TASK DESCRIPTION
I'd like every entry transcribed word for word, with no pictures.

Data entries
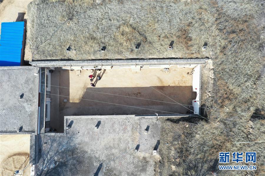 3月10日,上完一节网课的刘进才和家人在自家院内聊天休憩(无人机照片)。 新华社记者 徐钦 摄
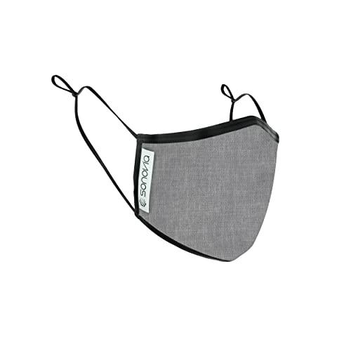 SONOVIA Reusable Face Mask with Patented Breathable Fabric Adjustable Ear Straps (Small (Pack of 3), Grey)
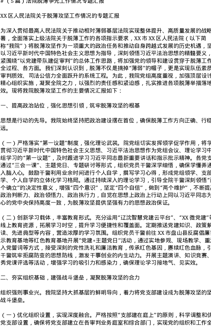 汇编:法院脱薄争先工作情况专题汇报5篇
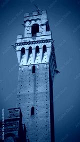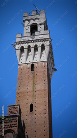 Bell tower of the Palazzo Pubblico, at the Piazzo del Campo, Siena, Italy.
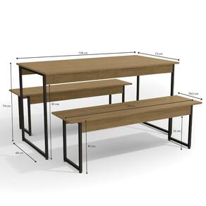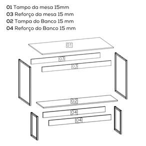 Peso máximo suportado: 60kg (Mesa) e 210kg (Cada banco)
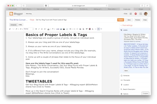 Here are the labels/tags I used for this specific post:Edie Melson, The Write Conversation, Get Your Blog Found with Proper Labels & Tags, Blogging for Writers, Successful SEO, Social Media Monday
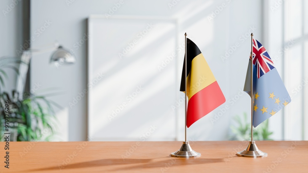 FLAGS OF CHAD AND TUVALU ON TABLE

EXPECTED OUTPUT
 3月10日,上完一节网课的刘进才和家人在自家院内聊天休憩(无人机照片)。 新华社记者 徐钦 摄
 SONOVIA Reusable Face Mask with Patented Breathable Fabric Adjustable Ear Straps (Small (Pack of 3), Grey)
 汇编:法院脱薄争先工作情况专题汇报5篇
 Bell tower of the Palazzo Pubblico, at the Piazzo del Campo, Siena, Italy.
 Peso máximo suportado: 60kg (Mesa) e 210kg (Cada banco)
 Here are the labels/tags I used for this specific post:Edie Melson, The Write Conversation, Get Your Blog Found with Proper Labels & Tags, Blogging for Writers, Successful SEO, Social Media Monday
 FLAGS OF CHAD AND TUVALU ON TABLE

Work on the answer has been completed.